Re: Handling extremely large input files
On Wed, 28 Apr 2010, Hakan wrote:
We need to scan a very big input file
Exactly how big?
to see how many times each date occurs in it. This means that we want to
check the number of times successive strings of the form "20020701",
"20020702" and so on are in it from a given start to end date. The
syntax is European format.
What do you mean by 'successive'? Could you give us a sample of the input
file?
What is the most efficent way to do it? I have tried with 1) a system call to
grep
Could you tell us the exact grep command you run?

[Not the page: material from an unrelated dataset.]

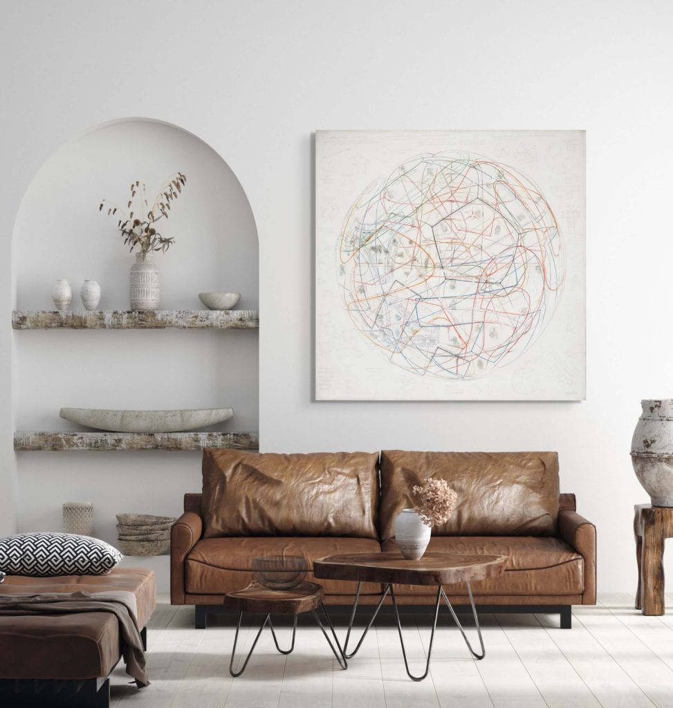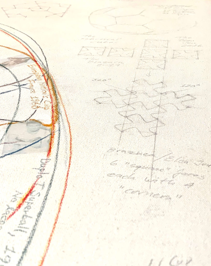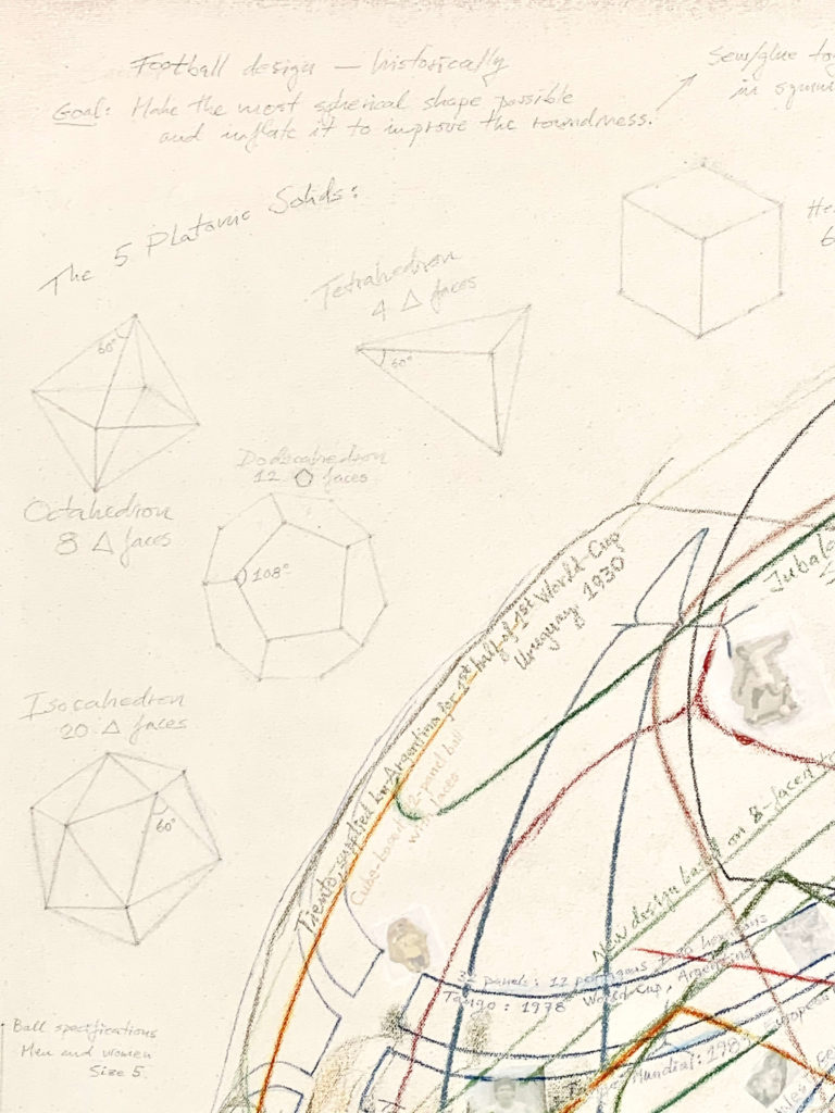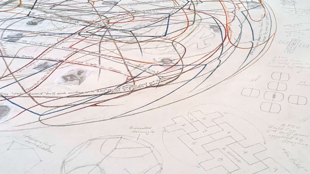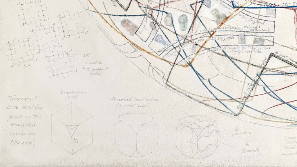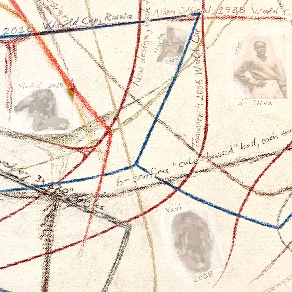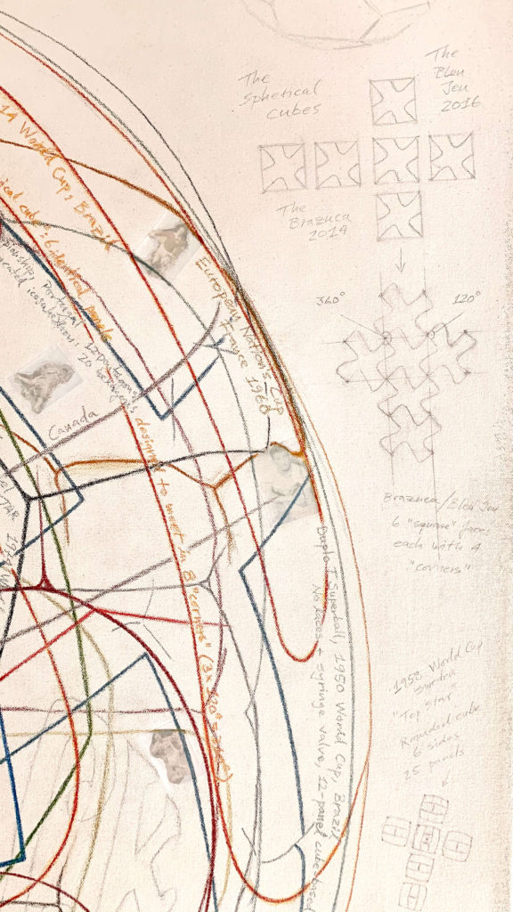 The Historical Ball displays a spherical ball-like shape, woven from the outlines of the panel-shapes and designs from and on the official World Cup and European Championships match balls from 1930–2021. The picture is a sentimental celebration of the soccer balls generations of girls and boys have played with throughout their lives, as well as a look at the fundamental mathematical geometries of convex polyhedra underlying the design and the construction of those balls. The artwork is mixed-media on canvas and measures 127cm x 127cm (50” x 50”).

and 2) a RandomAccessfile reading each character and moving the file
pointer ahead,
I'm not sure how much buffering that does. You might be better off with a
FileInputStream wrapped in a BufferedInputStream of generous size (or in
fact, wrapped in an InputStreamReader and some buffering somewhere), or
with a memory-mapped file obtained from a NIO FileChannel. Or you might
not.
but none of them runs quickly enough. Another option might be to use a
pattern matching, but then we would still probably have the problems of
searching through most of the file.
As i understand your requirement, you'll have to scan the *entire* file.
What do you mean by "the problems of searching through most of the file"?
tom
--
Basically, at any given time, most people in the world are wasting time.